● THE TASK: Your answer is the line containing "Минихорс охраняет курочек🐔" plus every line after it through the end of the records, printed exactly and free of pictures.

Stored records:
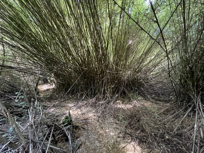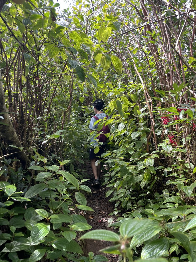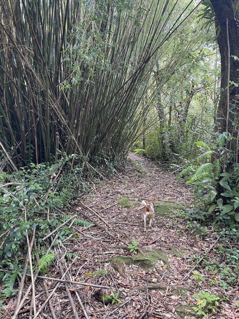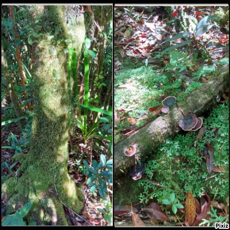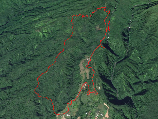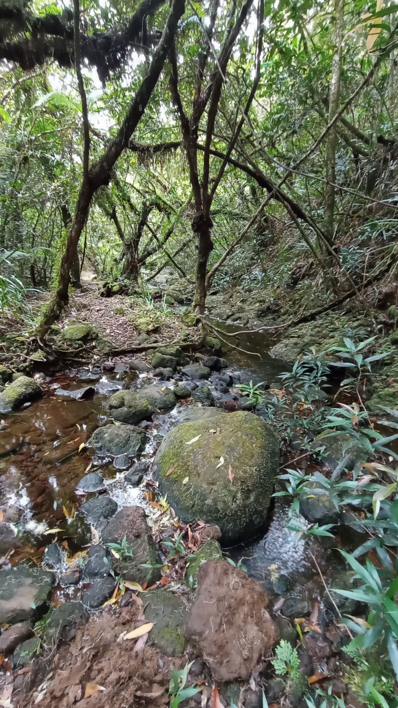 La météo, peu clémente pour cette boucle, en a diminué grandement les qualités. Situé entre la Cascade du Chien et l'Eden, l'itinéraire traverse une partie de la magnifique région couverte de végétation verdoyante du nord de la Forêt des Lianes. Les sentiers boueux une bonne partie de l'année indiquent qu'il est difficile de prévoir un circuit les jours de soleil généreux. La boucle emprunte tour à tour la route, puis la piste avant de se terminer par le sentier de la Caroline et celui moins connu de Terre Rouge. Quelques écarts minimes sont proposés pour s'approcher de bassins mais n'ont rien d'obligatoire puisque situés en marge de la boucle. Les goyaviers dominent très largement les autres espèces. Ils poussent par endroits tellement serrés qu'il est impossible de quitter le sentier. Attention ; le sentier Terre Rouge n'est pas exactement à la place indiquée par la carte IGN mais la petite pancarte plantée assez près de son début ôte tout doute. Par beau temps, on profite de quelques panoramas sur l'océan et la côte vers Bras Panon et Saint-André ou vers les mornes et pics du Bras des Lianes. Il est également intéressant de débuter la boucle aux premiers kiosques vers l'Eden afin de profiter de leurs tables en fin de boucle si c'est l'heure du casse-croûte.
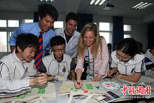 6月3日,上海世博会美国馆的学生大使利用工作之余,与上海中学生们交流环保理念,并一起设计帆布袋,描绘各自的“绿色梦想”。中新社记者 潘索菲 摄
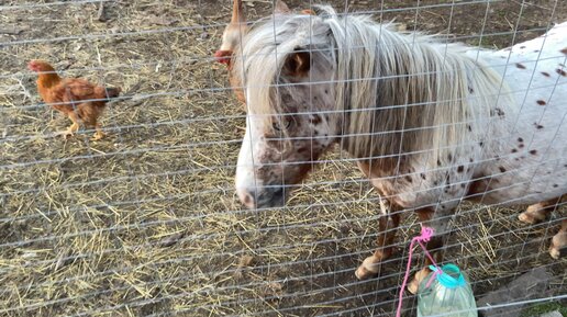 Минихорс охраняет курочек🐔
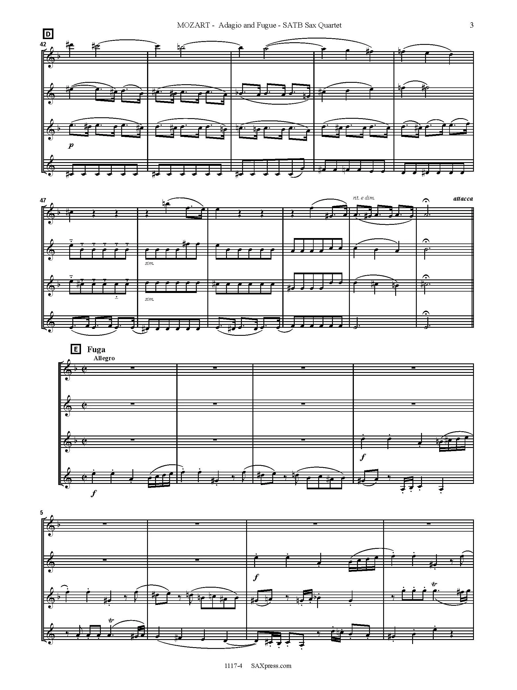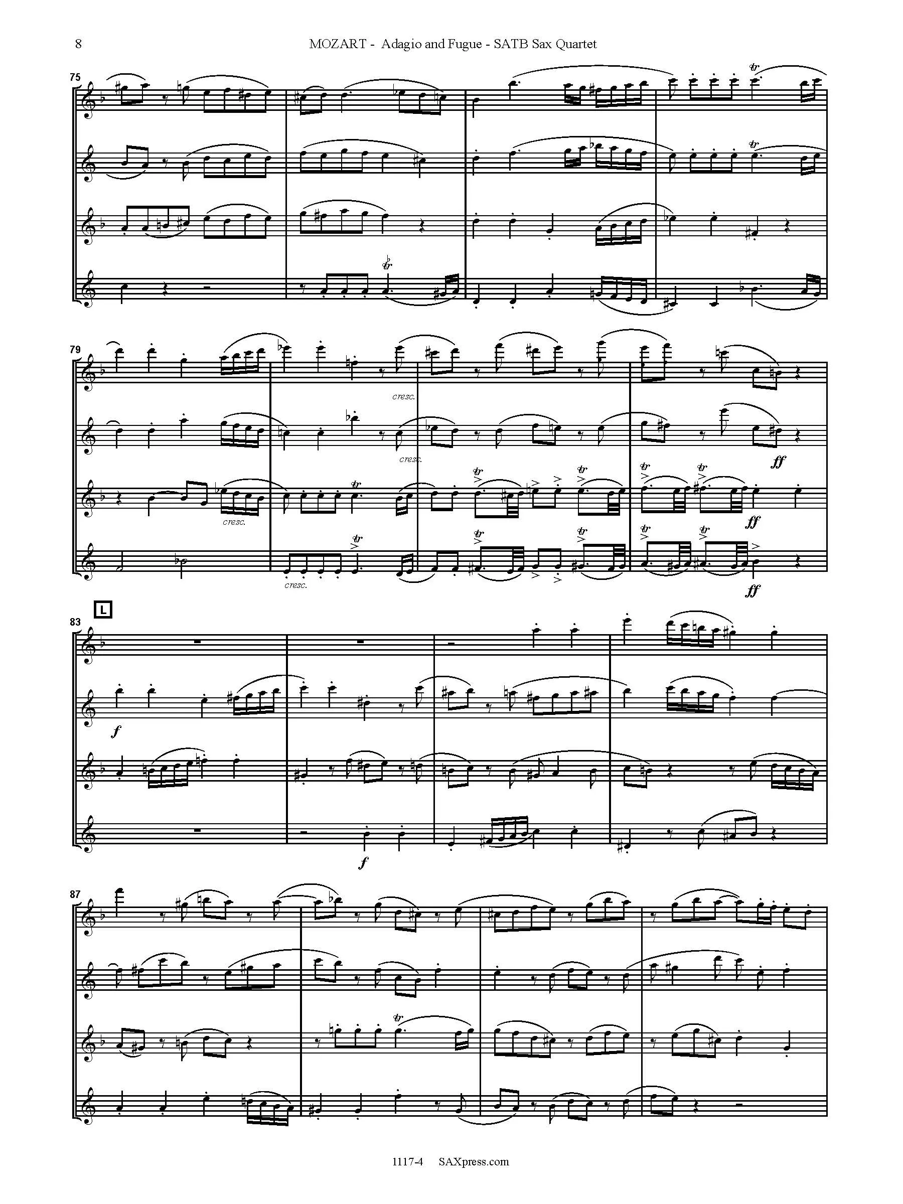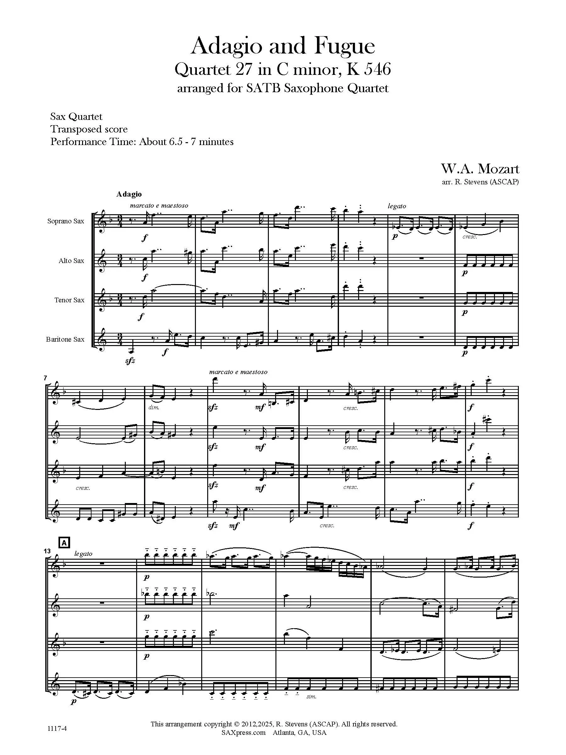 Adagio and Fugue in C minor, K546 by Mozart – string quartet transcription for saxophone quartet SATB. This is Mozart’s String Quartet, No. 27 arranged for SATB saxophone quartet. It is complete and in the original key of C minor. There are only two movements.
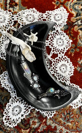 Organise your life with the Nyx Trinket Dish. This sturdy dish is made with sustainable mango wood and shaped after a crescent moon. It's a super versatile home accessory: display your jewellery, crystals and other small items on your dresser or altar.
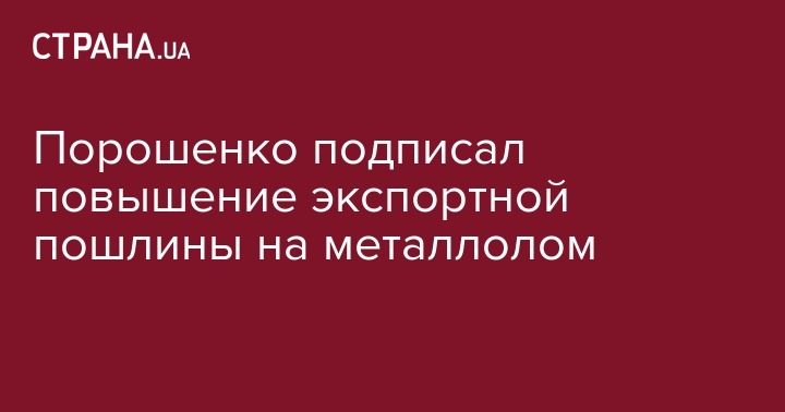 В понедельник, 18 июня, президент Украины Петр Порошенко подписал закон, предусматривающий продление действия пошлин на экспорт лома черных металлов еще на один год - до 15 сентября 2019 года. Об этом свидетельствуют данные законопроекта № 8226 на сайте Верховной Рады.

● ANSWER BOX:
 Минихорс охраняет курочек🐔
 Adagio and Fugue in C minor, K546 by Mozart – string quartet transcription for saxophone quartet SATB. This is Mozart’s String Quartet, No. 27 arranged for SATB saxophone quartet. It is complete and in the original key of C minor. There are only two movements.
 Organise your life with the Nyx Trinket Dish. This sturdy dish is made with sustainable mango wood and shaped after a crescent moon. It's a super versatile home accessory: display your jewellery, crystals and other small items on your dresser or altar.
 В понедельник, 18 июня, президент Украины Петр Порошенко подписал закон, предусматривающий продление действия пошлин на экспорт лома черных металлов еще на один год - до 15 сентября 2019 года. Об этом свидетельствуют данные законопроекта № 8226 на сайте Верховной Рады.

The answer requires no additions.